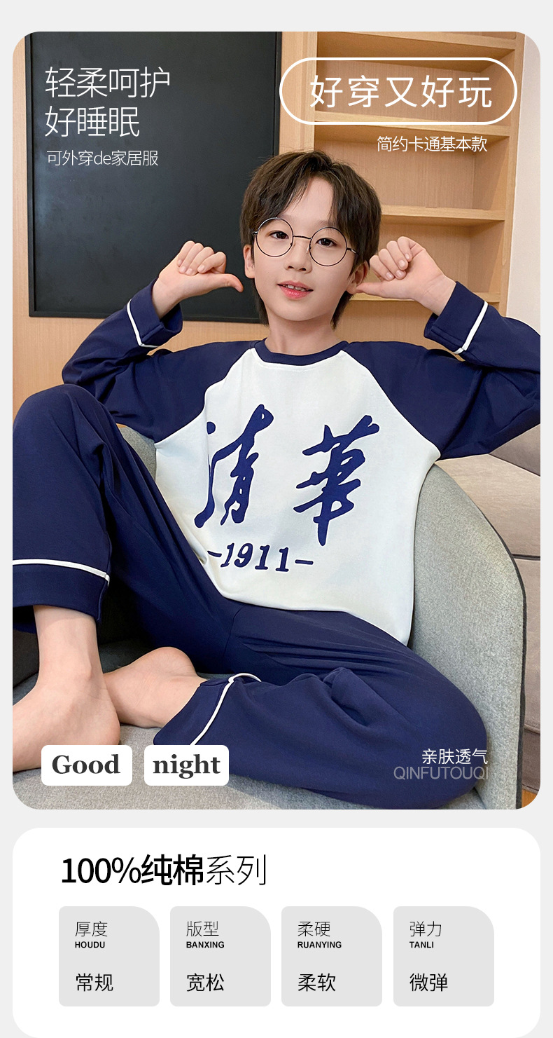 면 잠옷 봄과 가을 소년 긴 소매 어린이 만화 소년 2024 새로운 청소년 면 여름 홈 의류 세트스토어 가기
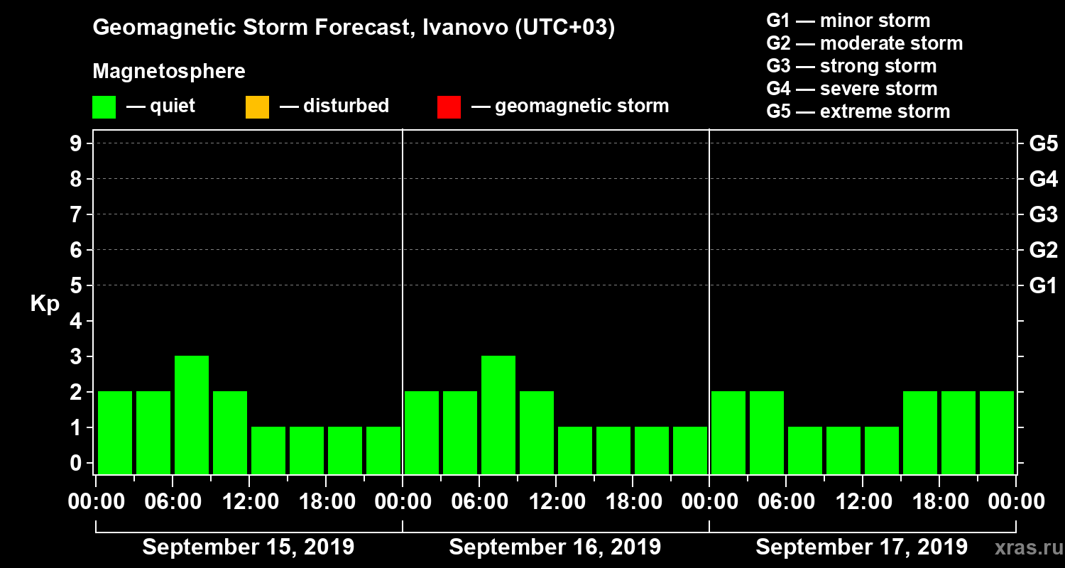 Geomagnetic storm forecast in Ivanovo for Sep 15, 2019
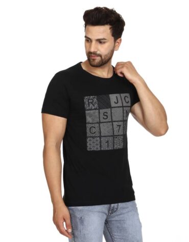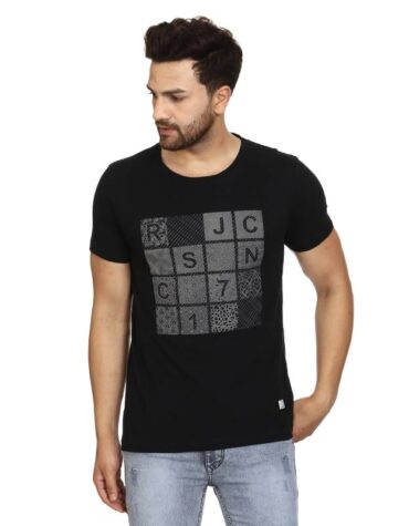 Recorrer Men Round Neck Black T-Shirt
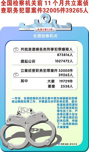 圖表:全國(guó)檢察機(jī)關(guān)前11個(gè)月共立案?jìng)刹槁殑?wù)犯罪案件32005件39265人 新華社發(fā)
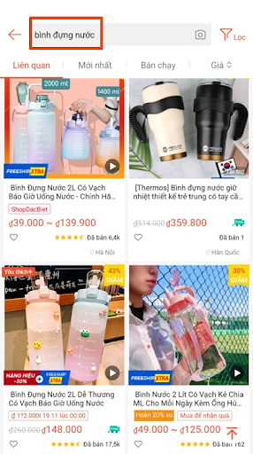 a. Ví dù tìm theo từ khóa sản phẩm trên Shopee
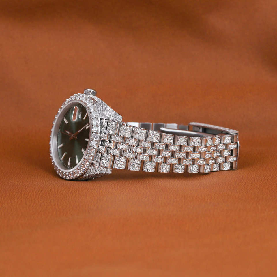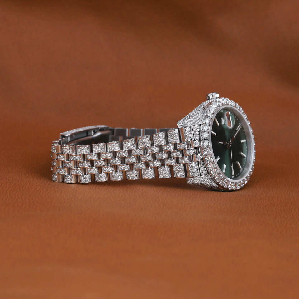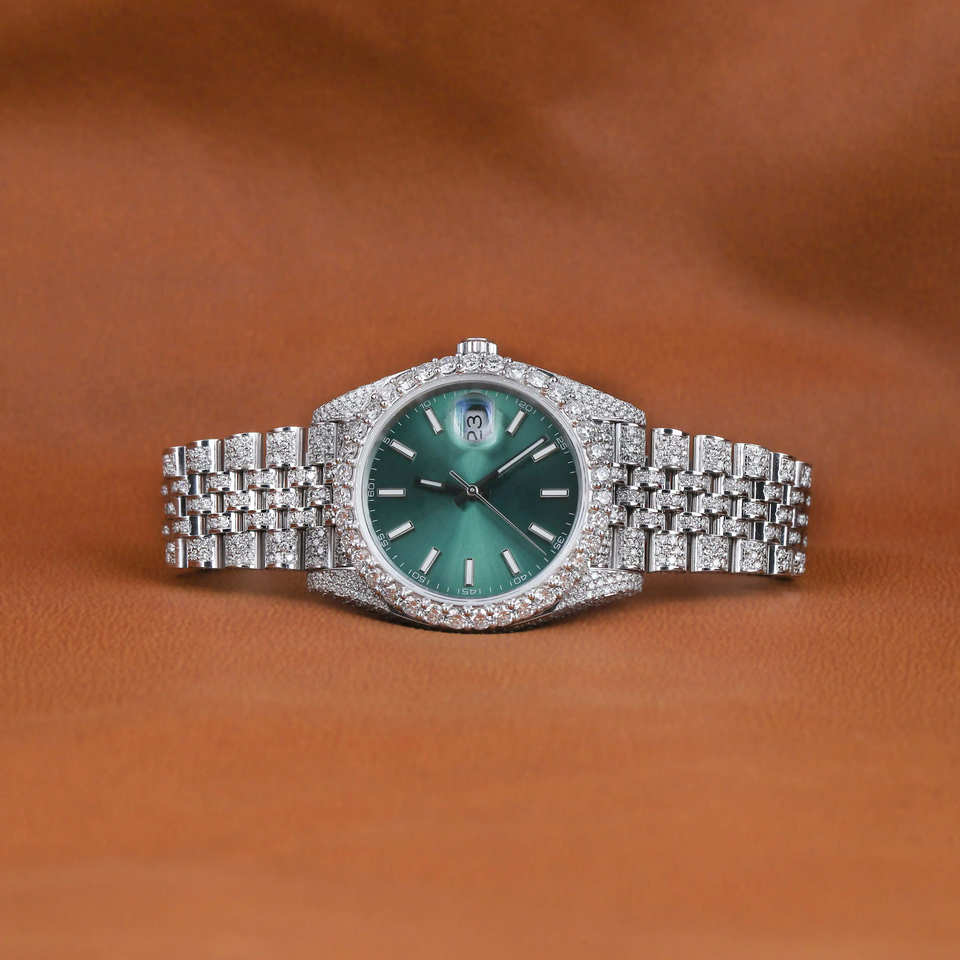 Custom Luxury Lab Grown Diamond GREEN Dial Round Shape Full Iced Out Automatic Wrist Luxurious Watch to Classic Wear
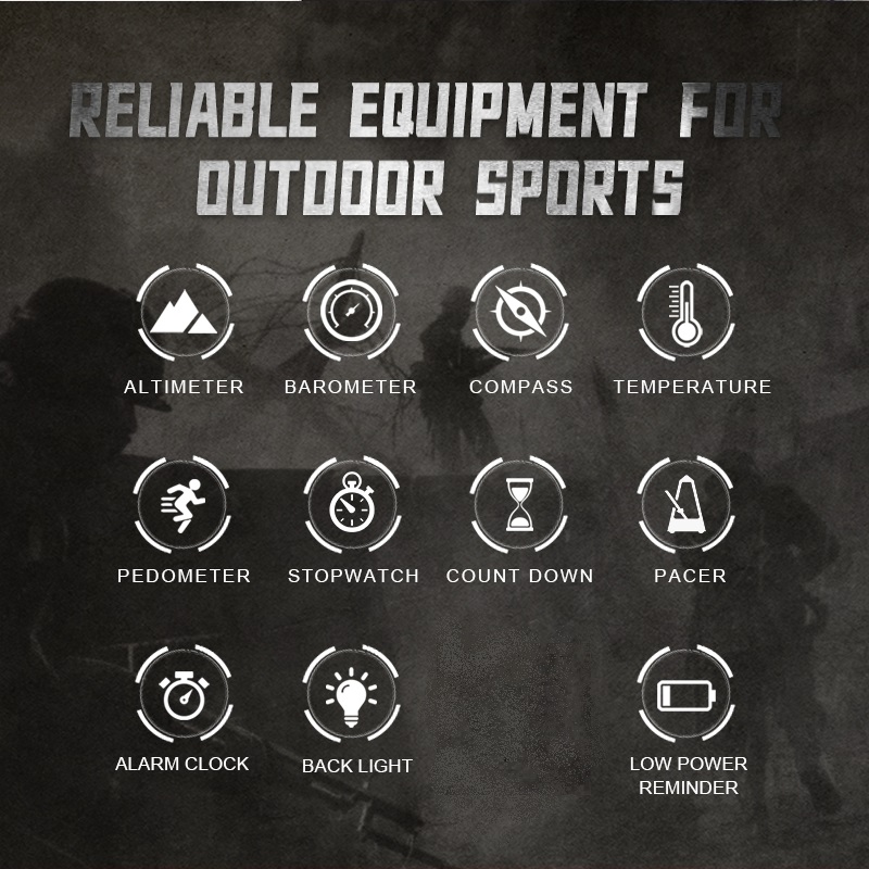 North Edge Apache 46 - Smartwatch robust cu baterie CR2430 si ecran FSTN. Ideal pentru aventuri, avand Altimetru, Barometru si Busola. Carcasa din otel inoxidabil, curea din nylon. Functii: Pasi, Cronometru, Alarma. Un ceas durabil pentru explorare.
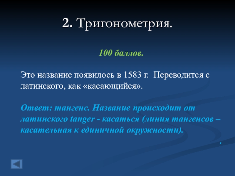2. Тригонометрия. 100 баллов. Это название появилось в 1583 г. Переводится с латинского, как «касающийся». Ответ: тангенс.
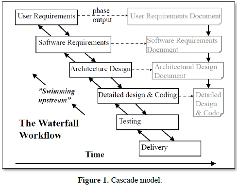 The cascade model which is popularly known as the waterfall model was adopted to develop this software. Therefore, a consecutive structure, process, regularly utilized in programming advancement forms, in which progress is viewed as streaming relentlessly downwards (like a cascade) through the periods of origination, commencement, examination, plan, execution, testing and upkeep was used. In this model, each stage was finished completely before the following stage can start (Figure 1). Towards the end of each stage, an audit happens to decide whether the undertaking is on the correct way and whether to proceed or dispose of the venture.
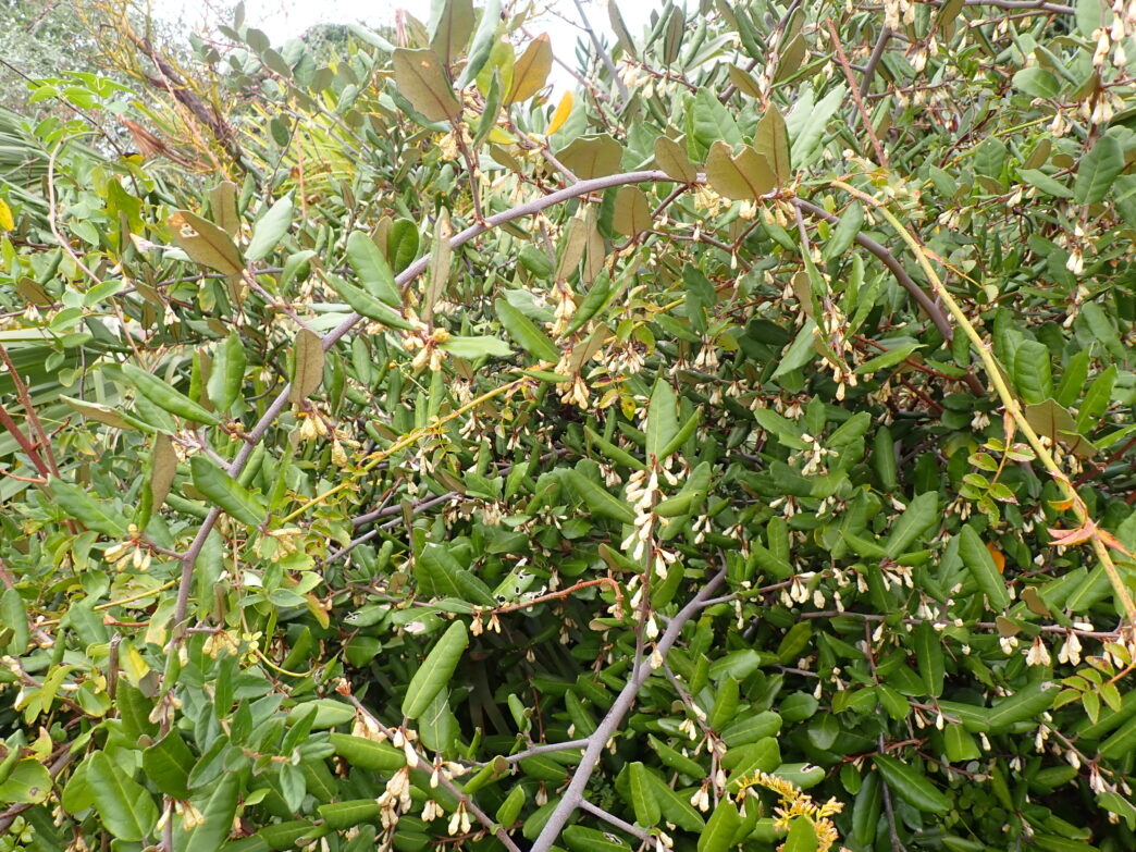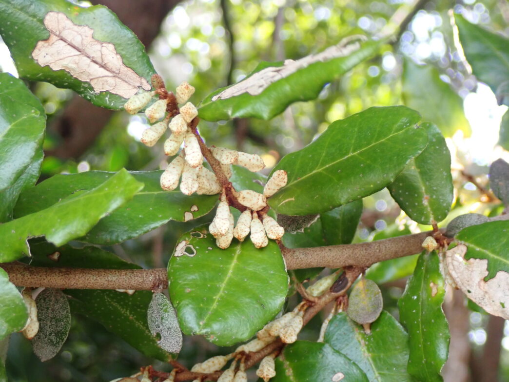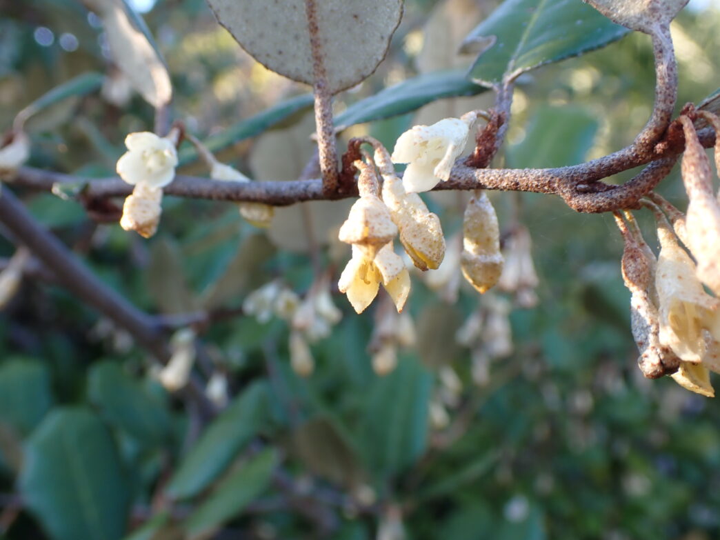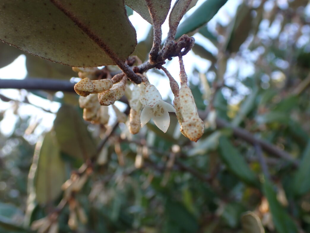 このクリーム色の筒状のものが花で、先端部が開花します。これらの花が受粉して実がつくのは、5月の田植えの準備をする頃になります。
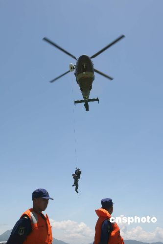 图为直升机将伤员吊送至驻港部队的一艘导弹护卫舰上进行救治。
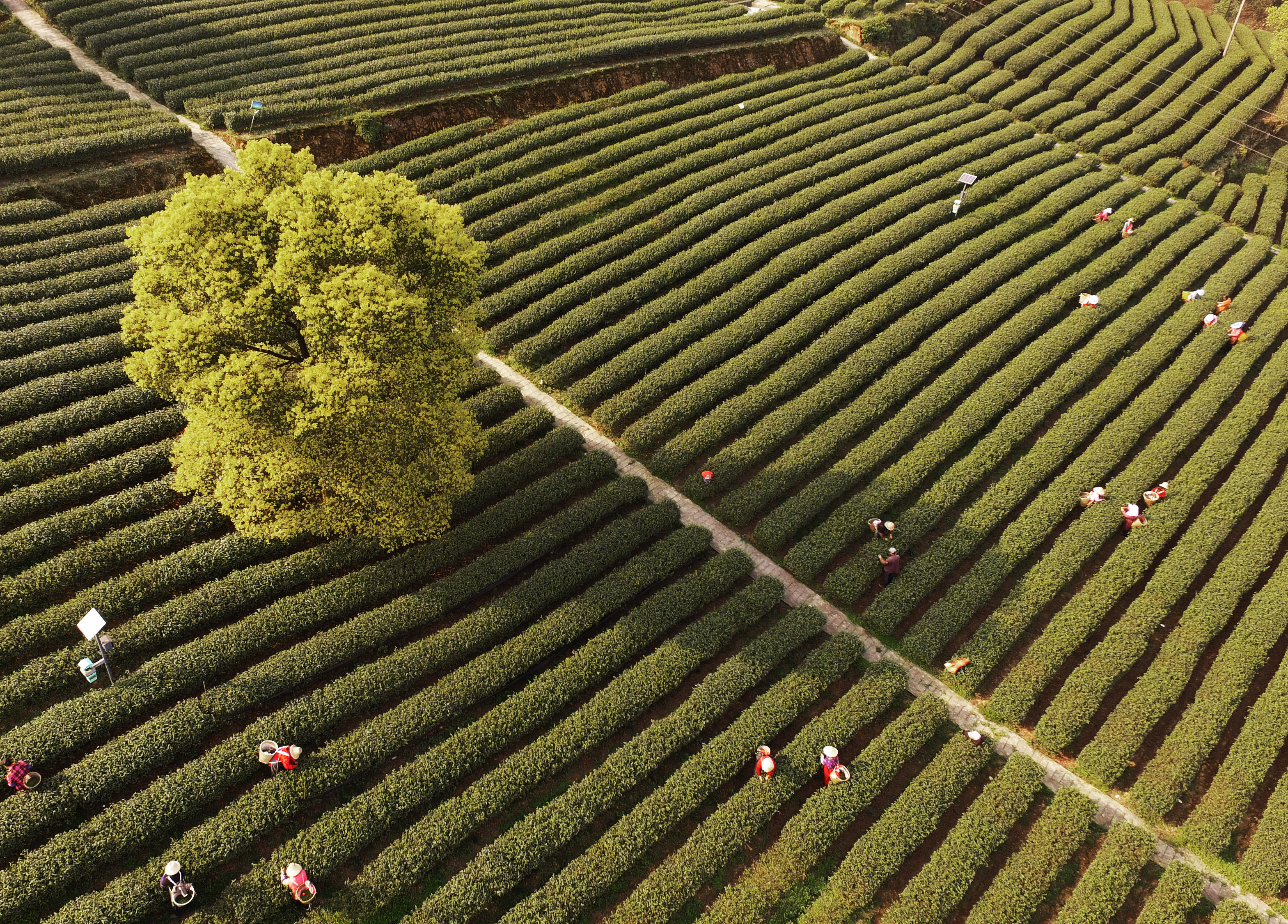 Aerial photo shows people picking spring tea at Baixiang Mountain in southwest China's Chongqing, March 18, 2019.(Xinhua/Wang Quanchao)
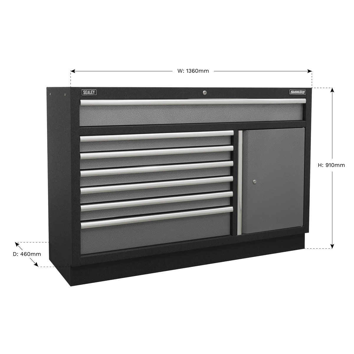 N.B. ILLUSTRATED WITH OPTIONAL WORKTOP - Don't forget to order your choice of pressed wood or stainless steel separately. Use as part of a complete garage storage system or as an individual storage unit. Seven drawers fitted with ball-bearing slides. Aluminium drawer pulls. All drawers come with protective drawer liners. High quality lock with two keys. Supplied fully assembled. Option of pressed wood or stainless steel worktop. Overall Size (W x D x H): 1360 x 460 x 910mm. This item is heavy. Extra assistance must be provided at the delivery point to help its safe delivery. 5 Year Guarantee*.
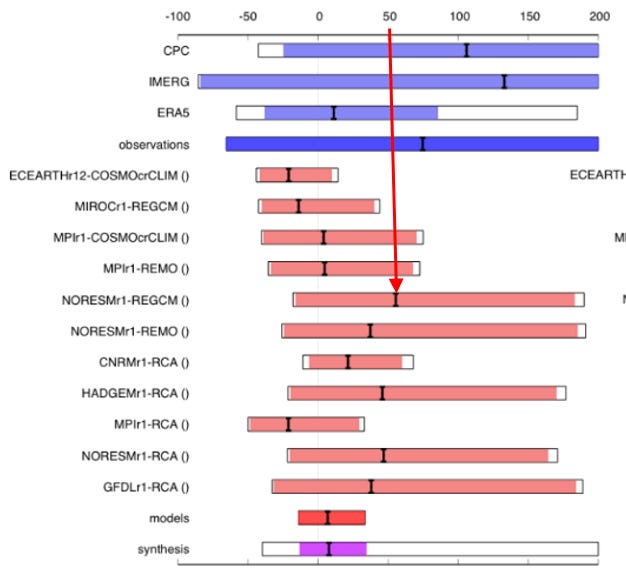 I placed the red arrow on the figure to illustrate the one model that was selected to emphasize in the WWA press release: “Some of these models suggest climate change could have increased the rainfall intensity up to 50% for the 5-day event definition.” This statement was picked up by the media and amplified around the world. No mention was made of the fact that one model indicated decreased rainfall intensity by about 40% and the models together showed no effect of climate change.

▸ Action item: Leave out the pictures. Transcribe the rest of the listing above exactly.

▸ Reply:
 면 잠옷 봄과 가을 소년 긴 소매 어린이 만화 소년 2024 새로운 청소년 면 여름 홈 의류 세트스토어 가기
 Geomagnetic storm forecast in Ivanovo for Sep 15, 2019
 Recorrer Men Round Neck Black T-Shirt
 圖表:全國(guó)檢察機(jī)關(guān)前11個(gè)月共立案?jìng)刹槁殑?wù)犯罪案件32005件39265人 新華社發(fā)
 a. Ví dù tìm theo từ khóa sản phẩm trên Shopee
 Custom Luxury Lab Grown Diamond GREEN Dial Round Shape Full Iced Out Automatic Wrist Luxurious Watch to Classic Wear
 North Edge Apache 46 - Smartwatch robust cu baterie CR2430 si ecran FSTN. Ideal pentru aventuri, avand Altimetru, Barometru si Busola. Carcasa din otel inoxidabil, curea din nylon. Functii: Pasi, Cronometru, Alarma. Un ceas durabil pentru explorare.
2. Тригонометрия. 100 баллов. Это название появилось в 1583 г. Переводится с латинского, как «касающийся». Ответ: тангенс.
 The cascade model which is popularly known as the waterfall model was adopted to develop this software. Therefore, a consecutive structure, process, regularly utilized in programming advancement forms, in which progress is viewed as streaming relentlessly downwards (like a cascade) through the periods of origination, commencement, examination, plan, execution, testing and upkeep was used. In this model, each stage was finished completely before the following stage can start (Figure 1). Towards the end of each stage, an audit happens to decide whether the undertaking is on the correct way and whether to proceed or dispose of the venture.
 このクリーム色の筒状のものが花で、先端部が開花します。これらの花が受粉して実がつくのは、5月の田植えの準備をする頃になります。
 图为直升机将伤员吊送至驻港部队的一艘导弹护卫舰上进行救治。
 Aerial photo shows people picking spring tea at Baixiang Mountain in southwest China's Chongqing, March 18, 2019.(Xinhua/Wang Quanchao)
 N.B. ILLUSTRATED WITH OPTIONAL WORKTOP - Don't forget to order your choice of pressed wood or stainless steel separately. Use as part of a complete garage storage system or as an individual storage unit. Seven drawers fitted with ball-bearing slides. Aluminium drawer pulls. All drawers come with protective drawer liners. High quality lock with two keys. Supplied fully assembled. Option of pressed wood or stainless steel worktop. Overall Size (W x D x H): 1360 x 460 x 910mm. This item is heavy. Extra assistance must be provided at the delivery point to help its safe delivery. 5 Year Guarantee*.
 I placed the red arrow on the figure to illustrate the one model that was selected to emphasize in the WWA press release: “Some of these models suggest climate change could have increased the rainfall intensity up to 50% for the 5-day event definition.” This statement was picked up by the media and amplified around the world. No mention was made of the fact that one model indicated decreased rainfall intensity by about 40% and the models together showed no effect of climate change.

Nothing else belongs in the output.